Но тишина была кажущейся; кроме этого отчетливого лязга ножниц, слышались и другие звуки, менее явственные; они часто обрывались, сливаясь, однако, в неумолчный, вибрирующий шум, то переходивший время от времени в неожиданный взрыв, то снова затихавший. Шум этот происходил от движения двадцати рук, дыхания двадцати грудей, кашля, сухого и отрывистого или глубокого и свистящего, от еле слышного шепота и негромкого, быстро сдерживаемого хихиканья. Работницы, сидевшие в глубине мастерской, кашляли; те, что у окон, — перешептывались и хихикали. По временам Швейц поднимала голову и из-за очков окидывала комнату внимательным взглядом. От ее глаз, поблескивавших за толстыми стеклами, ничто не укрывалось, она следила за ходом работы. Иногда, положив ножницы на стол, она елейным голосом начинала длинную речь.

Она говорила, что в других мастерских работницы теряют здоровье за машинами, которые, как известно, выматывают силы и причиняют различные увечья, а вот она, Швейц, не желает отягощать свою совесть покушением на здоровье ближних и отказалась от барышей, которые могла бы извлечь, если бы завела в своей мастерской машины. Ибо совесть — это главное, все остальное — суета сует.

Швейц требовала от своих работниц только одного — строгого поведения. В этом отношении она была неумолима, потому что не хотела, чтобы мастерская ее стала очагом разврата, — она боялась потерять приличных и уважаемых заказчиц, что грозило нищетой ей, ее детям и внукам.
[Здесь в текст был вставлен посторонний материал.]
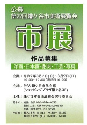 3月2日(日)から9日(日)まで、鎌ケ谷市美術展覧会(市展)が開催されます。

Мастерицы слушали ее разглагольствования в полном молчании. Конечно, среди них не было ни одной, которая верила бы Швейц. Все они отлично понимали, что их эксплуатируют, и все же слушали и покорно молчали. Они знали, что за стенами этой комнаты их ожидает либо могила, либо болото.

Порою Швейц и ее дочь выходили из мастерской во внутренние комнаты. Тогда до работниц доносились в открытую дверь звуки прекрасного фортепиано, на котором то играли бегло и умело, то учились играть. Виден был ряд комнат, обставленных роскошной мебелью; натертый до блеска пол, большие зеркала, красный штоф кресел раздражали утомленные глаза работниц. Одни грустно усмехались, другие бросали мрачные взгляды, а некоторые ехидно подмигивали. Горечь, желчная зависть просыпались в груди двадцати женщин. В три часа под потолком зажигались большие лампы, и женщины работали при искусственном свете до тех пор, пока стенные часы в квартире Швейц не пробьют девять.

Возвращаясь домой после первого дня работы, Марта едва держалась на ногах.

Она вовсе не была так сильно утомлена, и не случилось ничего особенного, что могло бы огорчить ее. Нет, она была напугана, ужас парализовал ее мозг и душу.